MiMo-V2.5-Pro is a Xiaomi large language model available through LLM.API, optimized for general-purpose text generation and assistant-style interactions.
-
What is MiMo-V2.5-Pro best suited for?
MiMo-V2.5-Pro is best for chatbots, content generation, lightweight reasoning, and common coding or data-processing tasks where cost-efficiency matters.
-
What is the context window of MiMo-V2.5-Pro?
MiMo-V2.5-Pro supports a 16K-token context window, allowing relatively long conversations and documents within a single request.
-
What modalities does MiMo-V2.5-Pro support?
MiMo-V2.5-Pro supports text-in, text-out interactions only; it does not natively process images, audio, or video.
-
How is MiMo-V2.5-Pro priced on LLM.API?
LLM.API bills MiMo-V2.5-Pro per 1,000 tokens of input and output, with exact rates listed on the LLM.API pricing page.
-
What latency can I expect from MiMo-V2.5-Pro on LLM.API?

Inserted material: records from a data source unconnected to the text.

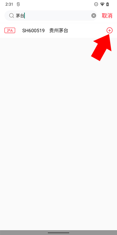3、然后搜索股票名称或者直接输入股票代码,之后点击后方的添加按钮
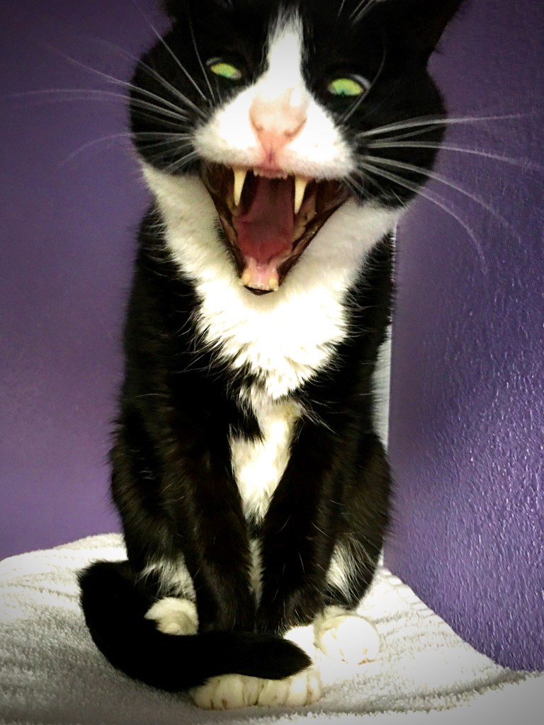 When he has finally had enough in and out, he picks his way onto my half-lotus lap, perching his dense, tuxedo-marked body precariously along my left thigh. I shift to keep him from sliding off and lose myself in early memories of him. The kitten of a neighborhood stray, he had already endured most of a brittle Minnesota winter before we discovered him. It was years before he learned basic house cat joys like climbing into a warm human lap and settling into undisturbed sleep. In fact, my partner and I had to love him assertively in those earliest months, feeding him by hand, and scooping him up and scratching his neck until his body surrendered into gentle human hands. The first time he climbed into my lap on his own, it was so normal that it took me a moment to recognize it as unprecedented. But there it was: after years of calm sing-song assurances and patient waiting, this skittish animal stepped into my lap and settled, warm as a baked potato.
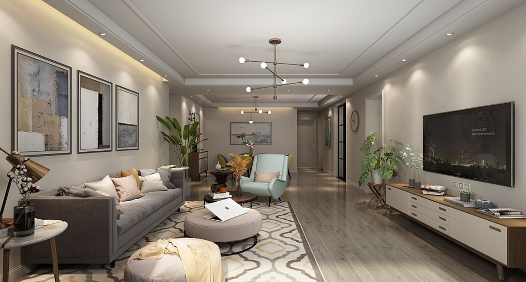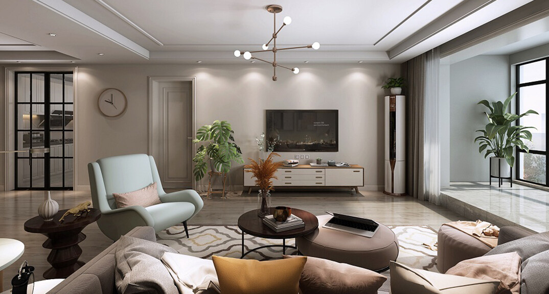 海信半山蘭亭116㎡三室兩廳客廳現(xiàn)代簡(jiǎn)約風(fēng)格裝修案例效果圖
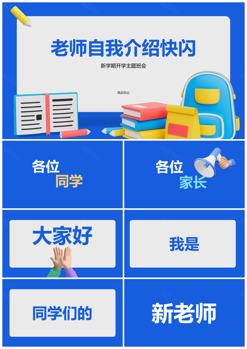 这是一张蓝色3D创意开学季教师自我介绍快闪动画班会书本PPT模板,包含蓝色、3D、创意、开学季、教师、自我介绍、快闪动画、班会、书本等主题内容,也可用作蓝色3D创意开学季、蓝色3D创意动画、蓝色3D创意班会、3D创意开学季动画、3D创意开学季班会、创意开学季教师自我介绍、开学季教师自我介绍快闪、教师自我介绍快闪动画、自我介绍快闪动画班会、快闪动画班会书本、蓝色3D开学季动画、蓝色创意动画班会、3D开学季动画书本、开学季教师班会书本、教师快闪动画班会等PPT场景使用。 风云办公提供的蓝色3D创意开学季教师自我介绍快闪动画班会书本PPT模板,下载格式为pptx,一共49页,作品中文字及图均可以修改和编辑,图片更改请在作品中右键图片并更换,文字修改请直接点击文字进行修改。
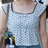 このトップスはもともと服が急遽必要になったときに大阪で購入したものです。トレンドかつ首周りが開いてる方が自分に似合うのでよく買います。3年前くらいに髪を今の長さに切ってからこういう形の服を買うようになりました。ドット柄で生地が夏過ぎないのも気に入ってます。今年の夏はこういった形のTシャツはもちろんブラウスやスクエアネックなどもトレンドなんだなと思います。バッグは自分の普段着る服に合わせやすい色である茶系やカーキ系をよく買います。
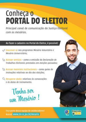 O Tribunal Regional Eleitoral (TRE) de Santa Catarina está com inscrições abertas para Mesários Voluntários. De acordo com o Tribunal, que pede auxílio dos municípios na divulgação das vagas, trata-se do eleitor que se habilita espontaneamente a atuar na recepção de votos e na condução dos trabalhos na seção eleitoral.

Typical end-to-end latency is around 500–1500 ms for short prompts, depending on request size, region, and current load.
-
How do I call MiMo-V2.5-Pro through the LLM.API?
Specify provider "Xiaomi" and model "MiMo-V2.5-Pro" in your LLM.API request along with your API key and usual completion parameters.
-
How does MiMo-V2.5-Pro compare to similar Xiaomi models?
MiMo-V2.5-Pro offers stronger reasoning and coding capabilities than earlier MiMo versions, at slightly higher cost and similar latency.
-
What limitations does MiMo-V2.5-Pro have?
MiMo-V2.5-Pro may hallucinate facts, lacks real-time internet access, and should not be used as the sole source for high-stakes decisions.
-
Can I use MiMo-V2.5-Pro for streaming responses?
Yes, MiMo-V2.5-Pro supports token streaming via LLM.API when you enable streaming in the request options.